Even looking at the explain output ( version 2.6 and up, or actually is there in 2.4.9 though not documented ) you can see the difference in that, though the $sort is optimized out due to the presence of an index, the time taken appears to be with index selection and then loading the indexed entries. Including all fields for a "covered" index query makes no difference.

Also for the record, purely indexing the date and only sorting on the date values gives the same result. Possibly slightly faster, but still slower than the natural index form without the sort.

So as long as you can happily "range" on the first and last _id values, then it is true that using the natural index on the insertion order is actually the most efficient way to do this. Your real world mileage may vary on whether this is practical for you or not and it might simply end up being more convenient to implement the index and sorting on the date.

But if you were happy with using _id ranges or greater than the "last" _id in your query, then perhaps one tweak in order to get the values along with your results so you can in fact store and use that information in successive queries:

db.temperature.aggregate([
    // Get documents "greater than" the "highest" _id value found last time
    { "$match": {
        "_id": { "$gt":  ObjectId("536076603e70a99790b7845d") }
    }},

    // Do the grouping with addition of the returned field
    { "$group": {
        "_id": "$station", 
        "result": { "$last":"$dt"},
        "t": {"$last":"$t"},
        "lastDoc": { "$last": "$_id" } 
    }}
])

And if you were actually "following on" the results like that then you can determine the maximum value of ObjectId from your results and use it in the next query.

Anyhow, have fun playing with that, but again Yes, in this case that query is the fastest way.

Question 2

An index is all you really need:

db.temperature.ensureIndex({ 'station': 1, 'dt': 1 })
for s in db.temperature.distinct('station'):
    db.temperature.find({ station: s }).sort({ dt : -1 }).limit(1)

of course using whatever syntax is actually valid for your language.

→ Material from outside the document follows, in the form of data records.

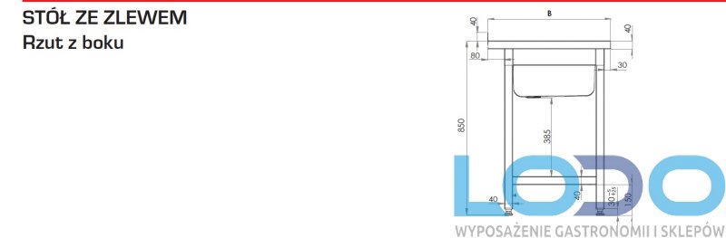 STÓŁ ZE ZLEWEM JEDNOKOMOROWYM BEZ PÓŁKI STALGAST 700/700/850mm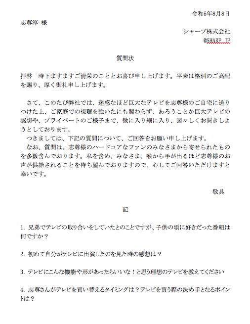 志尊淳さま。質問状をお送りします。いい加減にしろという自覚はあります。申し訳ありません。 pic.twitter.com/r4X082dQWw
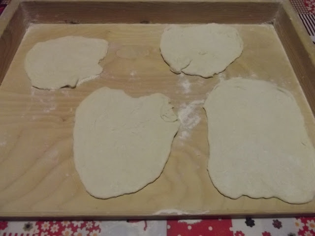 Lasciatelo riposare qualche minuto, poi dividetelo in tante palline quante sfoglie volete fare (per me 4), stendetele molto sottili ( io le ho fatte a forma molto irregolare), quindi scaldate la padella antiaderente, mettete una sfoglia alla volta, fatela cuocere qualche minuto per parte, poi servite accompagnato da formaggi e salumi e buon appetito!!!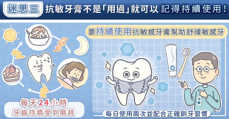 迷思三:抗敏牙膏不是「用過」就可以,記得持續使用!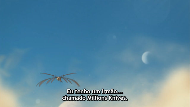 Sobre as mudanças nas vozes, eu fico dividido. Por um lado, acho todas as vozes originais muito marcantes, tanto na versão japonesa quanto na brasileira. Por outro lado, um re-cast é algo que me anima a ficar pensando em quem vai dublar os personagens que ainda não apareceram. Já até tenho os meus palpites para quem vai dublar a Meryl, Milly e Nicholas. Já está devidamente registrado, para eu me gabar caso acerte algum. Ainda assim, é realmente estranho ver o Vash falando e a voz dele não ser a do Masaya Onasaka ou do Alexandre Moreno (conhecido por dublar quase todos os personagens do Adam Sandler). O novo cast tá repleto de nomes que gosto bastante. A Tomoyo Kurosawa que jamais vi dublando um personagem masculino, e que não me soou tão masculino quanto a voz do Vash criança no anime antigo. A Yumiri Hanamori, que dubla muitas personagens tomboys, como a Gin Minowa de Yuuki Yuuna wa Yuusha de Aru: Washio Sumi no Shou. Quase todo mundo já deve ter visto a dublagem masculina dela, já que a Ai Hayasaka se disfarça de garoto em algumas cenas de Kaguya-sama. A voz do Matsuoka Yoshitsugu combinou bastante com esse novo Vash. E a Maaya Sakamoto no papel da Rem pode trazer uma nova versão da minha música favorita desse anime, Sound Life. Pelo menos isso é uma coisa boa que acho que pode vir desse anime.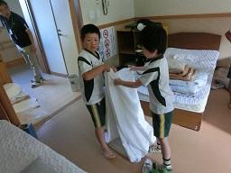 朝が来ました。シーツをたたむ姿が見られます。しかし途中で朝食の時間となりました。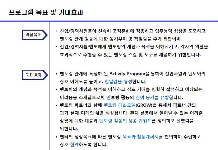 오리엔테이션 워크샵, 멘토/멘티 도입교육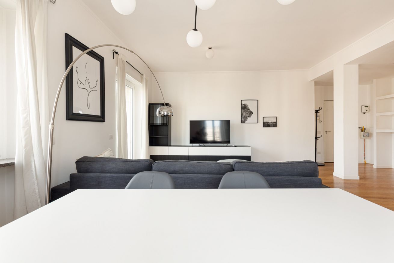 -SOGGIORNO con zona relax con divano, Smart TV 60'' e accesso ai 2 balconi.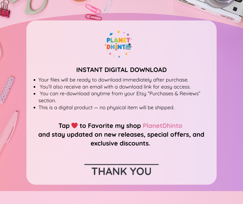 After purchase, your files will be ready instantly.
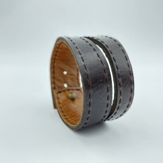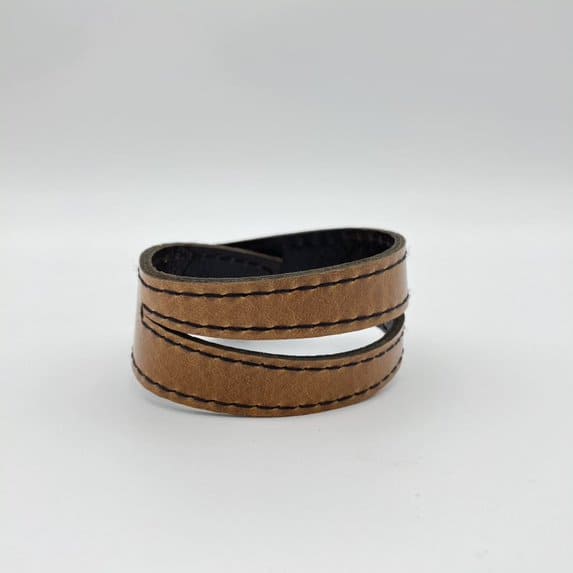 Fait de cuir et d'une attache en acier inoxydable. Il est fait 100% à la main, au Saguenay-Lac-St-Jean. Il est réversible et facile à mettre au poignet. Il est doté de 3 trous d'ajustement et convient ainsi à tous les poignets.

Edit: You are correct that a loop like this incurs a round-trip per station, and it's great for a few stations, and not so good for 1000. You do still want the compound index on station+dt, though, and to take advantage of a descending sort:

db.temperature.aggregate([
    { $sort: { station: 1, dt: -1 } },
    { $group: { _id: "$station", result: {$first:"$dt"}, t: {$first:"$t"} } }
])

Question 3

As far as the aggregation query you've posted, I'd make certain that you have an index on dt:

db.temperature.ensureIndex({'dt': 1 })

This will make certain that the $sort at the beginning of the aggregation pipeline is as efficient as possible.

As to whether or not this is the most efficient way to get this data, vs. a query in a loop, will likely be a function of how many data points you have. In the beginning, with "thousands of stations" and perhaps hundreds of thousands of data points I'd think the aggregation approach will be faster.

However, as you add more and more data an issue is that the aggregation query will continue to touch all the documents. This will get increasingly expensive as you scale up to millions or more documents. One approach for that case would be to add a $limit right after the $sort to limit the total number of documents being considered. That's a bit hacky and inexact but it would help to limit the total number of documents that need to be accessed.